- Source information -
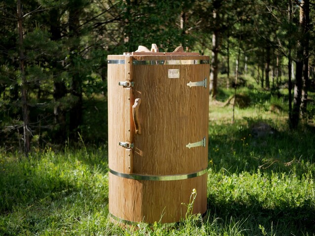 Кедровая бочка (фитобочка) круглая «Профессиональная Богатырская» Это круглая фитобочка из кедра увеличенных размеров с толщиной стенок 45 мм. Подходит для людей высокого роста и крупной комплекции. Фитобочка оборудована откидными створками, дверцей и отверстием для головы. Во время парения человек сидит внутри кедровой бочки, а голова находится снаружи. Благодаря этому исключается возможность перегрева. Подлокотники из кедра, встроенные ручки на створках и двери делают эксплуатацию более удобной. Парение в фитобочке благотворно влияет на организм в целом: повышается иммунитет, выводятся шлаки и токсины, улучшается работа органов тела и состояние кожи.
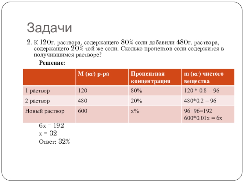 2. К 120г. раствора, содержащего 80% соли добавили 480г. раствора, содержащего
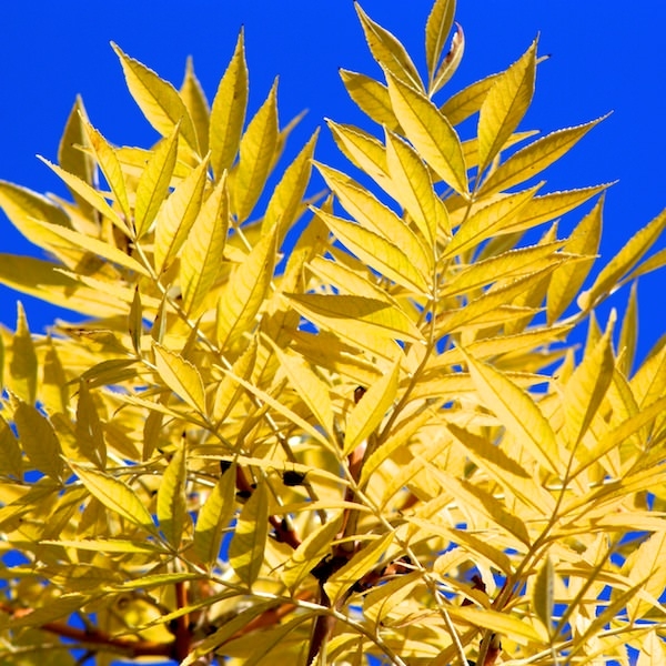 Листья: до 25-30 см длиной, желтые и желто-зеленые. Осенняя окраска золотисто-желтая.
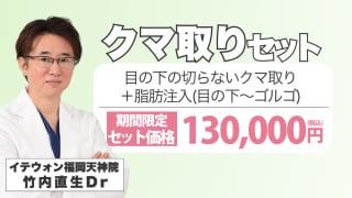 クマ取りと脂肪注入のキャンペーンが登場!セット価格でお得に受けられるチャンス!目の下のクマが気になる・老け顔・疲れ顔にお悩みの方には超お得な内容です!
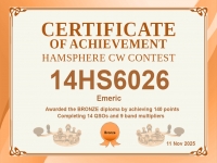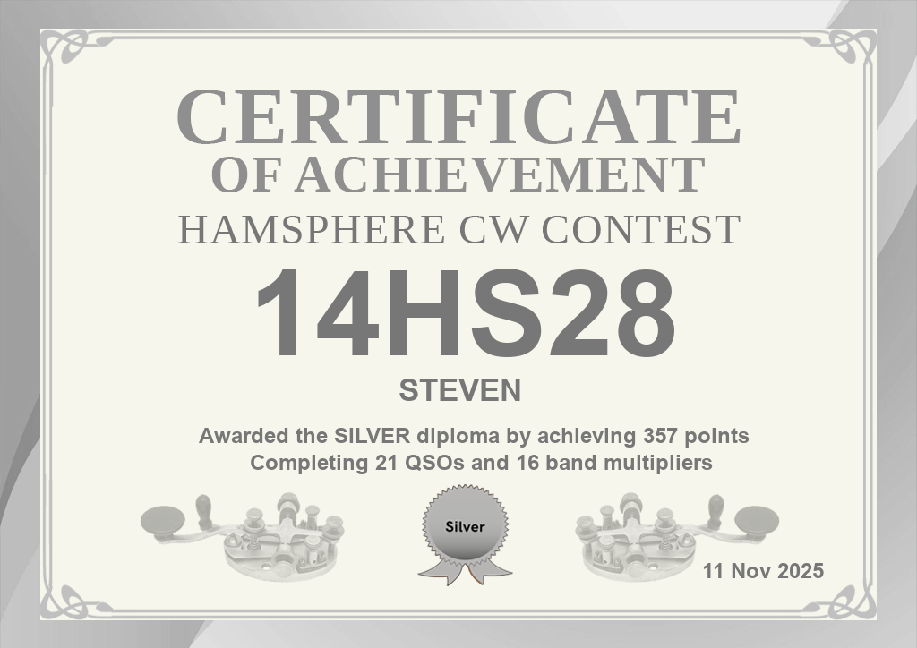 | HamSphere CW Contest 2025 | 2025-11-08 00:00:00 | 2025-11-09 00:00:00 | 2025-11-11 00:00:00 | VIEW | ||||

- Task item -
Make a verbatim copy of all the entries and strip out the pictures.

- Answer box -
 Кедровая бочка (фитобочка) круглая «Профессиональная Богатырская» Это круглая фитобочка из кедра увеличенных размеров с толщиной стенок 45 мм. Подходит для людей высокого роста и крупной комплекции. Фитобочка оборудована откидными створками, дверцей и отверстием для головы. Во время парения человек сидит внутри кедровой бочки, а голова находится снаружи. Благодаря этому исключается возможность перегрева. Подлокотники из кедра, встроенные ручки на створках и двери делают эксплуатацию более удобной. Парение в фитобочке благотворно влияет на организм в целом: повышается иммунитет, выводятся шлаки и токсины, улучшается работа органов тела и состояние кожи.
 2. К 120г. раствора, содержащего 80% соли добавили 480г. раствора, содержащего
 Листья: до 25-30 см длиной, желтые и желто-зеленые. Осенняя окраска золотисто-желтая.
 クマ取りと脂肪注入のキャンペーンが登場!セット価格でお得に受けられるチャンス!目の下のクマが気になる・老け顔・疲れ顔にお悩みの方には超お得な内容です!
 | HamSphere CW Contest 2025 | 2025-11-08 00:00:00 | 2025-11-09 00:00:00 | 2025-11-11 00:00:00 | VIEW | ||||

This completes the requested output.